Constipação Intestinal
A eliminação intestinal,
dentro do que é considerado normal, pode ter
uma freqüência de duas ou três vezes
ao dia a três vezes por semana e as fezes variam
de consistência macia a semi-sólida.
Constipação intestinal
é a dificuldade de eliminar as fezes regularmente
(menos de três vezes por semana), possibilitando
um aumento da absorção de água
pelas paredes do intestino, resultando na eliminação
de pequenos volumes de fezes endurecidas com esforço
desconfortável para evacuar. Os sintomas da
constipação intestinal podem ser: mal-estar,
falta de apetite, fadiga, dor abdominal, distensão
abdominal, dificuldade para evacuar e sensação
de evacuação incompleta.
São consideradas causas da
constipação: falta de atividade física,
dieta inadequada com pouca fibra, baixo consumo de
líquidos, uso de medicamentos (antidepressivos,
antiinflamatórios, anticonvulsivantes e anti-hipertensivos),
estresse, falta de privacidade, idade avançada
e depressão.
Como
ajudar o funcionamento intestinal:
- Seguir uma dieta balanceada com alimentos
laxantes e ricos em fibras, como cereais integrais (arroz integral,
aveia, pão integral), hortaliças, frutas e leguminosas.

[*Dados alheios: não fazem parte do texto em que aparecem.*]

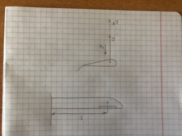 Итак, почему у планера скорость изменения крена ниже? Потому что, в первую очередь, это обусловленно факторами, обеспечивающими именно прирост подъёмной силы. Можно увеличить ее, увеличив отклонение и площадь закрылков. И, если бы планер был изготовлен из абсолютно жесткого, не работающего на изгиб материала, он бы крутил бочки с какой угодно скоростью. Но материал у него не идеальный, и только тут и вступает в силу удлиннение: за счет малой длины хорды крыло более хрупкое, а за счёт большой длины консоли момент силы гораздо выше (плечо обозначено как l на схеме). Увеличим прирост — крыло отвалится. Но, если бы не отвалилось, планер бы быстро вертелся.
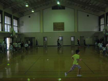 今日は朝から雨で,体育館でのランニングでした。
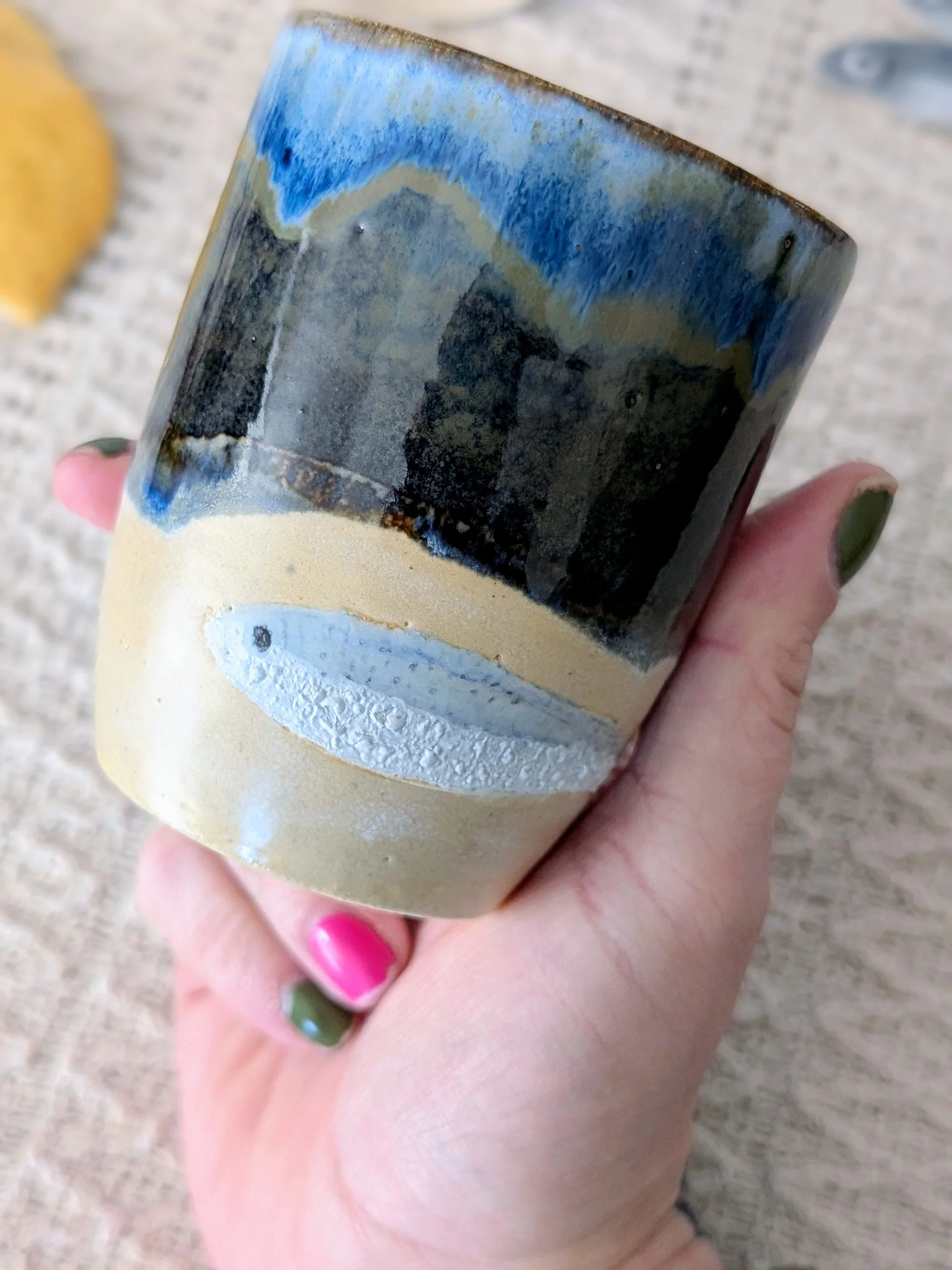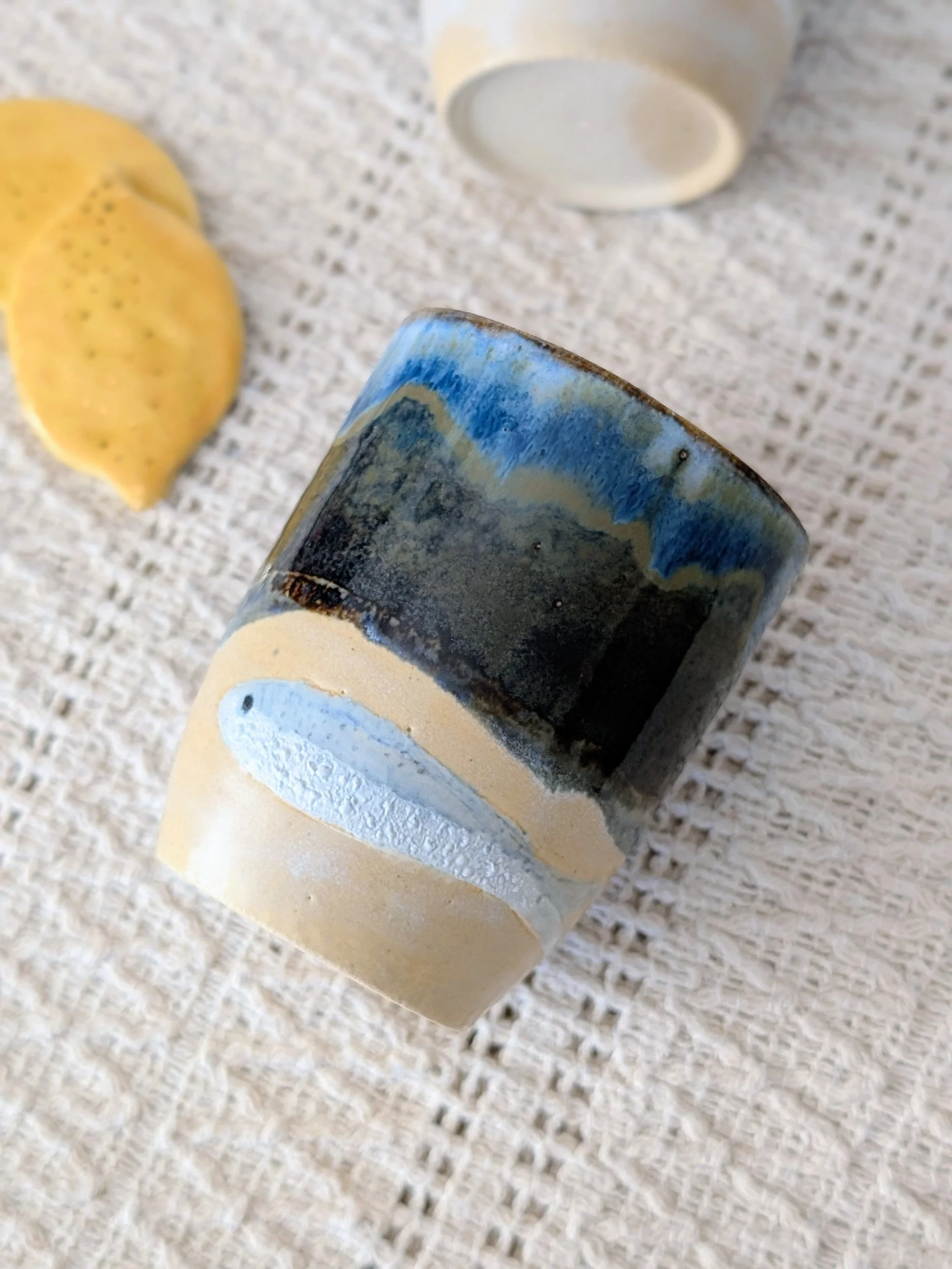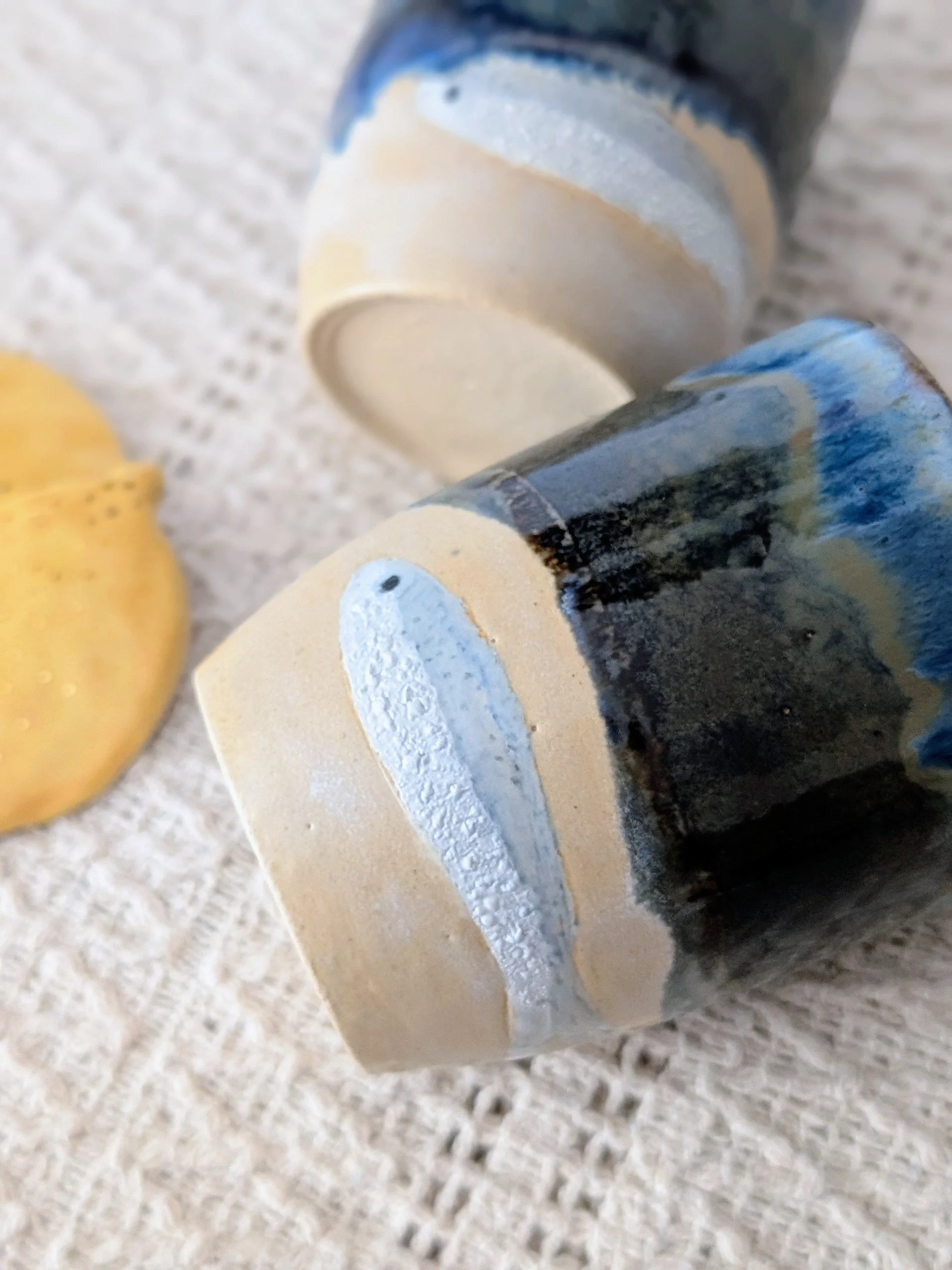 This cup has been carefully hand-glazed with a charming sardine design.

- Beber oito a 10 copos de líquidos
por dia.
- Estabelecer um horário adequado
para evacuar (é interessante que seja 20 minutos após
uma refeição, porque a chegada do alimento no
estômago estimula contrações do cólon
(segmento do intestino) que se propagam movimentando o conteúdo
intestinal. Isto é chamado reflexo gastrocólico.

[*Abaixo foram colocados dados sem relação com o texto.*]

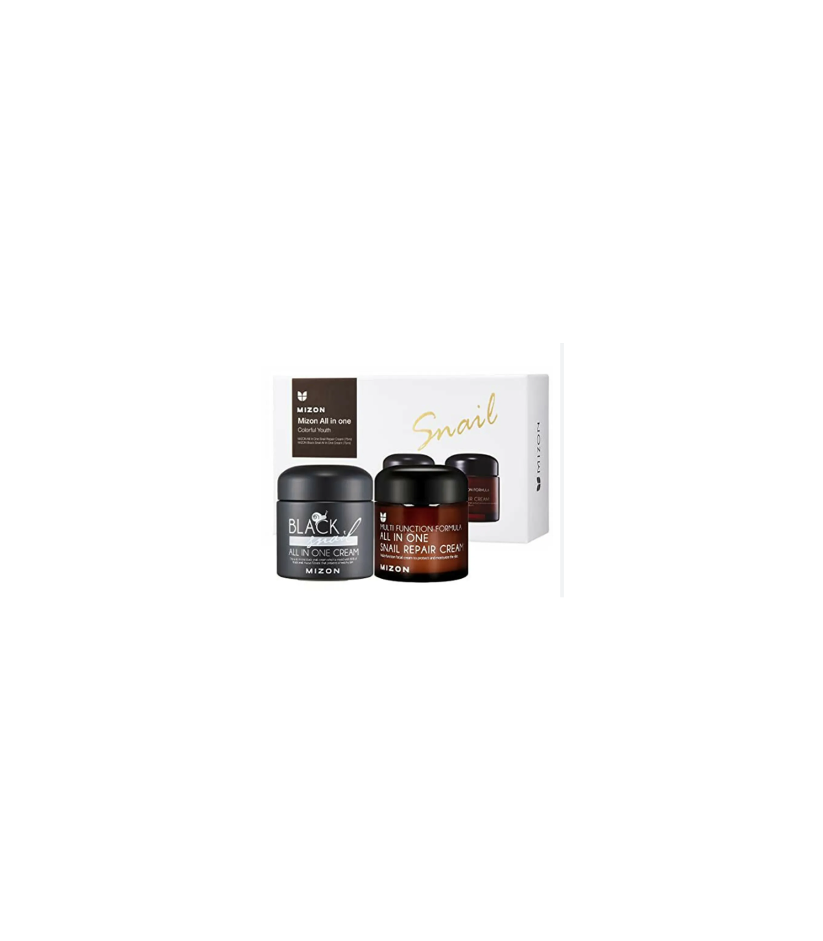 Contenido del set: Crema de caracol - Mizon All in One Snail Repair Cream, 75 ml + Crema de caracol negro - Mizon Black Snail All In One Cream, 75 ml.
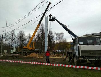 Монтаж столбов освещения
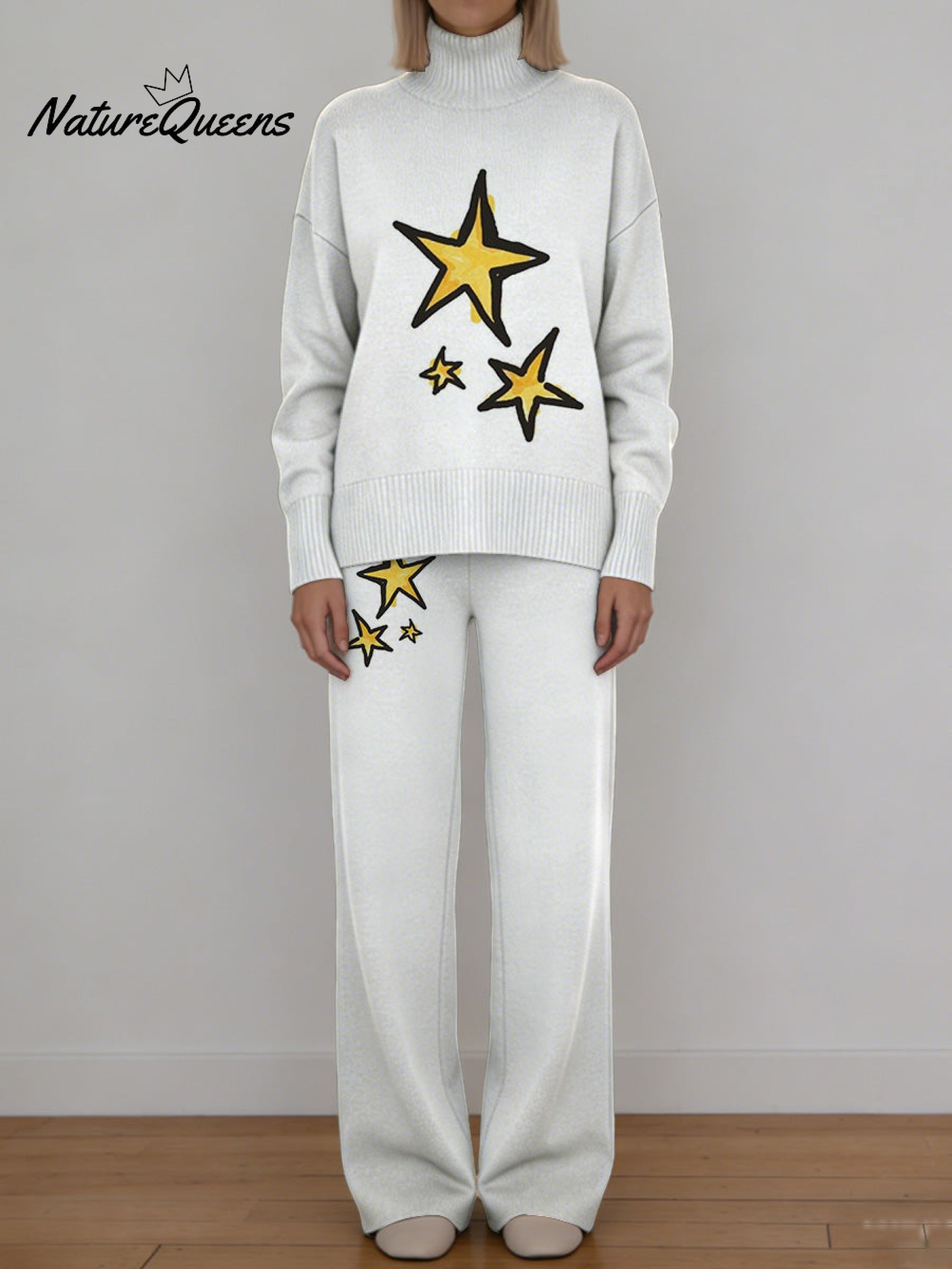 Cartoon Star Decorative Pattern Casual Stand Collar Long Sleeve Top And Elastic Waistband PantsCartoon Star Decorative Pattern Casual Stand Collar Long Sleeve Top And Elastic Waistband Pants

- Usar postura normal para defecar, ou
seja, sentado no vaso ou cadeira de banho. Caso não seja
possível, deitar o paciente virado para o lado esquerdo.

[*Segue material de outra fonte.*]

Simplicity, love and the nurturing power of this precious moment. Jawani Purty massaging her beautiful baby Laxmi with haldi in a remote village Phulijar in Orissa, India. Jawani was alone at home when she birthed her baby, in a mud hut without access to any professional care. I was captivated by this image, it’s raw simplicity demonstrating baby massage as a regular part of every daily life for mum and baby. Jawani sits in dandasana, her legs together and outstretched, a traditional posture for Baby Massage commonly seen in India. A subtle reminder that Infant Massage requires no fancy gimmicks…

- Realizar massagem abdominal no sentido
horário, do lado direito para o esquerdo.
- Evitar fazer lavagem intestinal e uso
de laxantes, pois isso faz com que a musculatura do intestino
fique fraca, aumentando a constipação.
Depressão
após Acidente Vascular Cerebral
A depressão é
o transtorno afetivo mais freqüente após
um acidente vascular cerebral. Para o diagnóstico
da depressão pós-AVC é necessário
que sejam levantadas evidências através
da história clínica e exames clínicos
e complementares de AVC. A depressão pós-AVC
é considerada precoce quando ocorre nos primeiros
três meses após um infarto ou hemorragia
cerebral, e tardia quando acontece após esse
período. Os sintomas da doença depressiva
aparecem em três áreas: afetiva, somática
e cognitiva. Os sintomas afetivos incluem reatividade
emocional diminuída, anedonia, isolamento social
e tristeza. Os sintomas somáticos incluem fadiga,
constipação intestinal, alterações
do apetite (anorexia ou hiperfagia), alterações
do ritmo sono-vigília e diminuição
da libido. As queixas cognitivas se acompanham de dificuldade
de concentração, ideação
de desesperança, de culpa e de inutilidade. Alterações
da percepção sensorial, como alucinações,
também podem ocorrer.
Quanto ao tratamento,
existem vários estudos controlados com placebo, mostrando
a eficácia dos antidepressivos tricíclicos (amitriptilina,
nortriptilina), da trazodona e dos inibidores seletivos da recaptação
de serotonina (citalopram, fluoxetina).
Os pacientes que tiveram infarto cerebral, geralmente,
têm cardiopatia, fazem maior uso de múltiplos fármacos
(que aumentam em grupos de idade avançada), como anticoagulantes
(varfarina), anticonvulsivantes (valproato, carbamazepina, fenitoína),
antiespásticos (baclofen, tizanidina) ou antiarrítmicos.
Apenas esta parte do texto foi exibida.